Bethany Hamilton: The Real Life Soul Surfer
Bethany Hamilton made headlines in 2003 when she was attacked by a tiger shark while surfing in her hometown of Kauai, Hawaii. Although the shark had bitten off most of Hamilton's left arm, causing her to lose 60 percent of her blood, she survived. Unwilling to give up on the sport, she taught herself to surf with one arm in the hope of returning to competitive surfing. Her story quickly became an inspiration to many.
Bethany was born February 8, 1990 in Kauai, Hawaii. Her parents, Tom and Cheri, taught Bethany to surf at a young age, along with her brothers, Noah and Timmy. As her surfing abilities progressed rapidly, Bethany began to compete. At the age of eight, she came first place in a Quicksilver surfing contest and began to enter and win major surf competitions throughout Hawaii. With many first place wins under her belt, Bethany knew she wanted to go pro and make the sport her career. She picked up a sponsor, Rip Curl, which helped her with her professional plans.
Her plans on turning pro were soon put to a halt on the morning of October 31, 2003 while out surfing. In the ocean at Tunnels Beach—along with her friend Alana Blanchard and Blanchard's dad and brother—Bethany was relaxing on her board laying sideways with her left arm dangling in the water as she waited for the next wave to roll in. Her friends were floating nearby. Suddenly, there was a flash of gray. Bethany described the incident as merely feeling a couple of fast tugs, that were over in a few seconds. A few seconds was all it took for the 15-foot tiger shark to bite off her left arm, nearly to the shoulder. Bethany watched in shock as the water around her turned bright red. Somehow, she managed to stay calm.
"It's funny," Bethany said, "you would think having your arm bitten off would really hurt. But there was no pain at the time." Reports say that if the shark had bitten two more inches up her arm, the attack would have been fatal.
Bethany then screamed: "I just got attacked by a shark," and started paddling toward shore. It was a quarter of a mile back, but one thought kept repeating in her head: "Get to the beach." Her friends quickly reached her and helped pull her in. Once they reached shore, they used a shirt and a surfboard leash to make a tourniquet around what was left of her arm until paramedics came.

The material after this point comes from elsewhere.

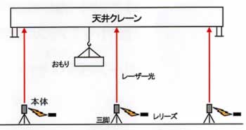 | ■クレーン検査でのレーザー距離計の有効性、または使用例等について 1.クレーンのたわみ測定 測定は地上より行います。下図のように機器を設置しレリーズのスイッチで距離測定を行います。 短時間に1人で正確な測定が可能です、また測定者間のバラツキもなくなります。 ![]() 付属の水準器で本器を真上に向けている。3箇所を測定する場合の参考です。 2.クレーンレール間(スパン)の測定 レール間スパンの測定は下図の方法が測定精度においおて最適です。 ![]() 角度調整機能付きジグ (レール側面を測定する場合、レーザー光を当てるのが困難になるため角度調整機能が必要) このようにレーザー距離計を用いることにより測定効率性、測定精度、安全性の面で格段に向上することが言えます。 3.車載クレーンでのブーム先端位置測定 角度計付レーザー距離計を使用するとブーム先端位置の高さ・水平距離が常時測定可能です。 ![]() 4.その他 ●クレーン建設作業における建設限界に利用 ●クレーンの移動における衝突防止に利用 |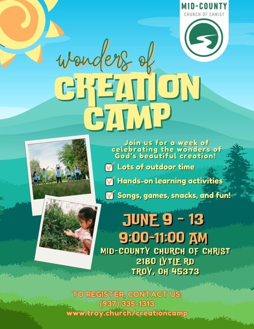 Creation Camp is a five-day event for children age 4 to sixth grade that is collaboratively designed by educators and ministry staff to help students see the wonder of God's creation all around them! The majority of the program will be outdoors (weather permitting) with lots of hands-on activities to keep the kids engaged.

On the morning of the shark attack, Bethany's dad Tom had been scheduled for knee surgery and was already on the operating table when the ambulance brought her in. His surgeon was preparing to start the operation when a nurse burst into the room. She said, "There's a 13-year-old girl coming, a shark attack victim." The next day, Bethany, tired and feeling distraught, told her father she would become a surf photographer. But after seven days of recovery in the hospital and her stitches were removed, Bethany had a change of heart.
Less than one month after the attack, Bethany returned to surfing. The challenge was to teach herself how to surf with one arm, which she did using a longer and thicker custom-made surfboard to help her along. Since the incident Bethany has returned to competitive surfing. In 2005, she took 1st place in the NSSA National Championships, a goal she had been trying to achieve since before the shark attack. In 2008, she began competing full time in the Association of Surfing Professionals World Qualifying Series (WQS), finishing 3rd amongst many of the world's best women surfers.
Based on her book Soul Surfer, Bethany's story was been made into a movie of the same name, starring AnnaSophia Robb as Bethany. Filmed on location in Kauai and Oahu, Bethany performed her own stunt surfing in the movie and also contributed to the script and editing process.
Until recently she was a champion surfer, competing six months of the year around the world. In 2013, she married, and now has two sons, Tobias and Wesley. She appears in the 2019 documentary, Bethany Hamilton: Unstoppable.